本論文提出了基於頻譜刪減法(spectral subtraction)的二階段語音增強以消除背景雜訊。頻譜刪減法的概念是直接在頻域中將雜訊成份刪減掉，因此，預估出雜訊的功率頻譜之後，可利用頻譜刪減法得到刪減過後的訊號。然而，由於頻譜刪減法存在著缺陷，使得刪減過後的訊號仍然存在一定程度的剩餘雜訊(residual noise)。為了解決這個問題，我們利用一個頻譜權重濾波器(spectral weighted filter)將頻譜刪減法刪減過後的訊號作進一步雜訊濾除。濾波器是根據輸入的刪減後訊號做調整，當我們可以確保輸入濾波器的刪減後訊號只有剩餘雜訊時，藉由將權重濾波器的值設為零，可抑制仍有的剩餘雜訊；令一方面，考量人類聽覺中的遮蔽效應，我們假設輸入濾波器的刪減後訊號中，同時含有語音訊號與雜訊訊號，而語音訊號的強度可遮蔽雜訊訊號，使得人耳察覺不出噪音的存在。如此，我們便可忽視此噪音的存在，藉由設定濾波器的值為一，以保留語音訊號的資訊。在模擬結果中，我們強調加入權重濾波器前後方法的比較，並利用訊噪比改善(SNR improvement)與提昇率(improvement rate)等客觀評估方法。從實驗數據中，我們發現加入權重濾波器的確可以提昇頻譜刪減法的效能。

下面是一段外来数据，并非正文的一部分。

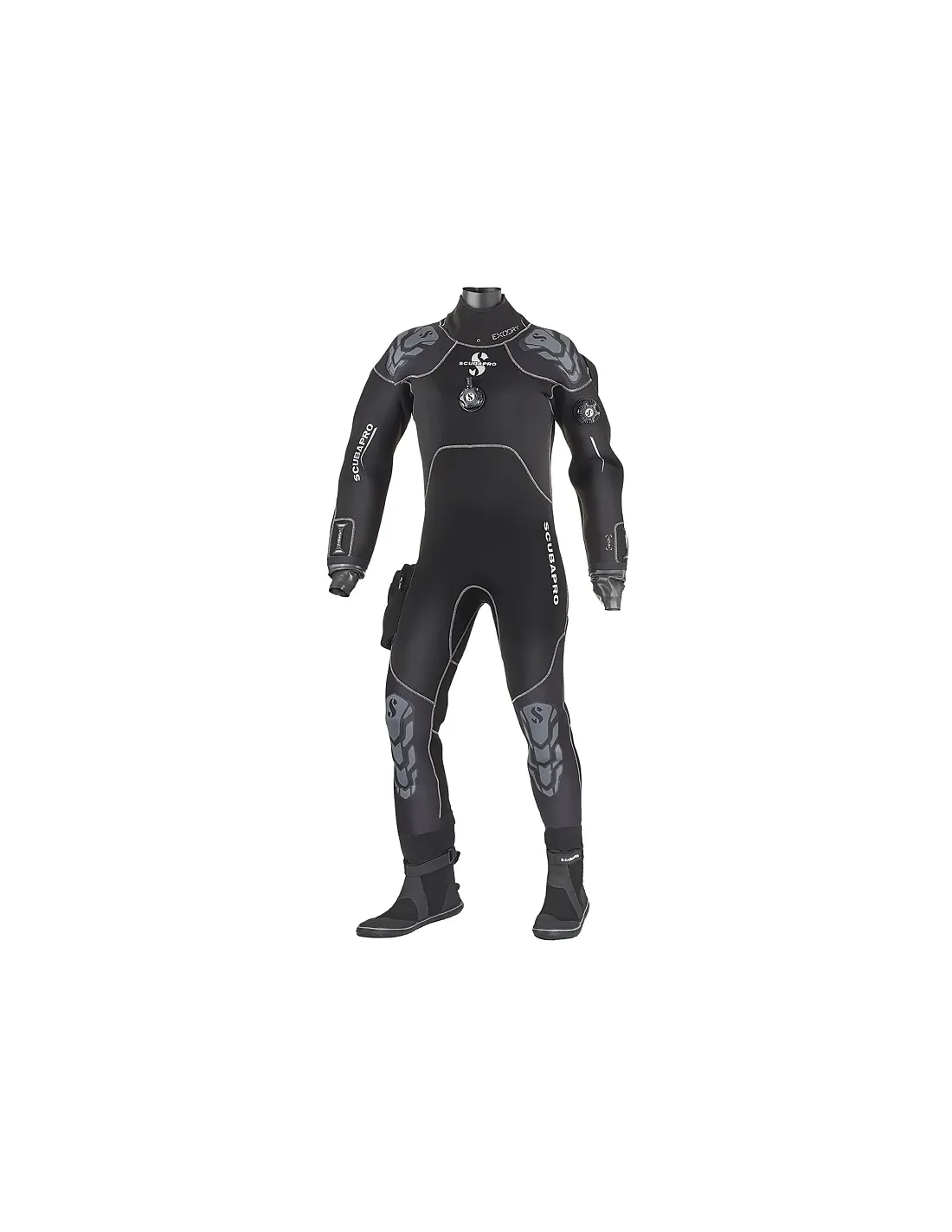 The premium-plus Exodry offers a unique approach to drysuit design by fusing 4 mm high-density neoprene with latex wrist and neck seals. This hybrid design is extremely effective, delivering minimal inherent buoyancy, maximum range of motion, and an excellent sealing system. This comfortable suit includes protective shoulder and knee panels, a plush interior lining, blue-style suspenders, and much more. For 2019, updated semi-rigid dive boots feature new soft yet protective soles and include fin strap retainers and Velcro straps to improve fit while preventing air from shifting when diving in the head-down position. The Exodry is a smart choice for all types of diving and can be used with or without an undersuit.
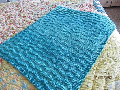Description: The color of this yarn so reminded me of the waters of the Caribbean that I had to make a blanket to evoke this image. A row of fish swims through the middle of a sea of waves in this symmetrical and nearly reversible baby blanket.
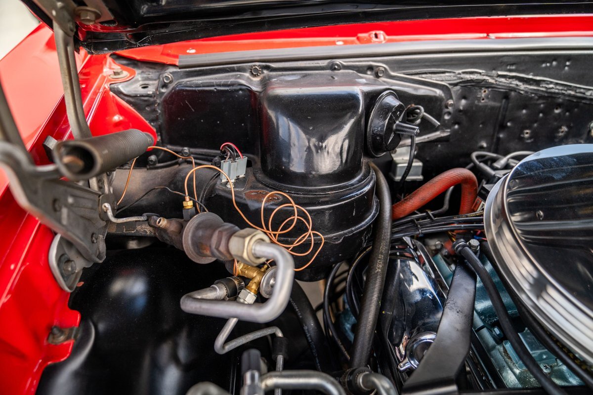 The 400ci V8 is equipped with a two-barrel carburetor and was rated at 255 horsepower and 397 lb-ft of torque. The spark plugs were replaced under current ownership. Power is routed to the rear wheels through a three-speed automatic transmission. A Flowmaster exhaust system is fitted. Rally II 14" wheels feature chrome trim rings and are mounted with BFGoodrich Silvertown Radial tires measuring 225/70. The car is equipped with power steering and a stabilizer bar, and stopping is provided by power-assisted front disc and rear drum brakes.
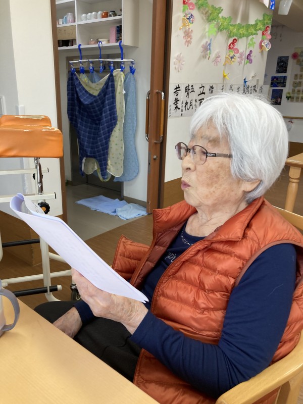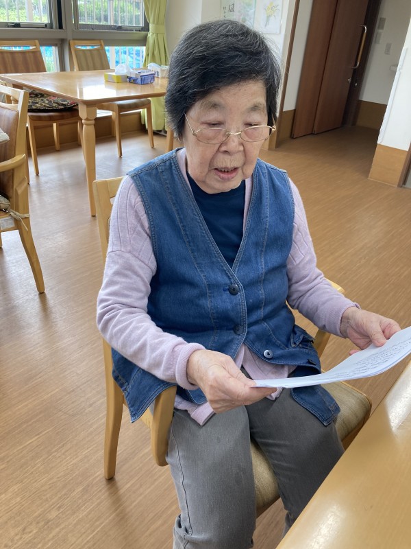 「みんなの家 川崎中野島」本日は「音読」の時間です。

This thesis presents a two-step spectral subtraction speech enhancement algorithm to reduce background noise. First, spectral subtractive-type algorithms are utilized to obtain the subtracted signal by subtracting the noise power spectrum from the noisy power spectrum of noisy speech signals. Due to the inherent deficiency of conventional subtractive-type algorithms, there still remains residual noise in the subtracted signal. To solve this problem, we integrate a spectral weighted filter with subtractive-type algorithm to further eliminate the residual noise. The adjustment of the spectral weighted filter is based on the current spectrum of the subtracted signal. If the current spectrum of subtracted signal is the residual noise, we set the value of the spectral weighted filter close to zero to suppress the residual noise. On the other hand, the value of spectral weighted filter can be set one to keep the information of speech signal by considering the masking effect. The effectiveness of the proposed subtractive-type algorithms coupled with additive spectral weighted filters has been validated by SNR improvement tests and improvement rate tests and compared with conventional subtractive-type algorithms. According to our simulation results, the proposed algorithms outperform the conventional methods in both tests.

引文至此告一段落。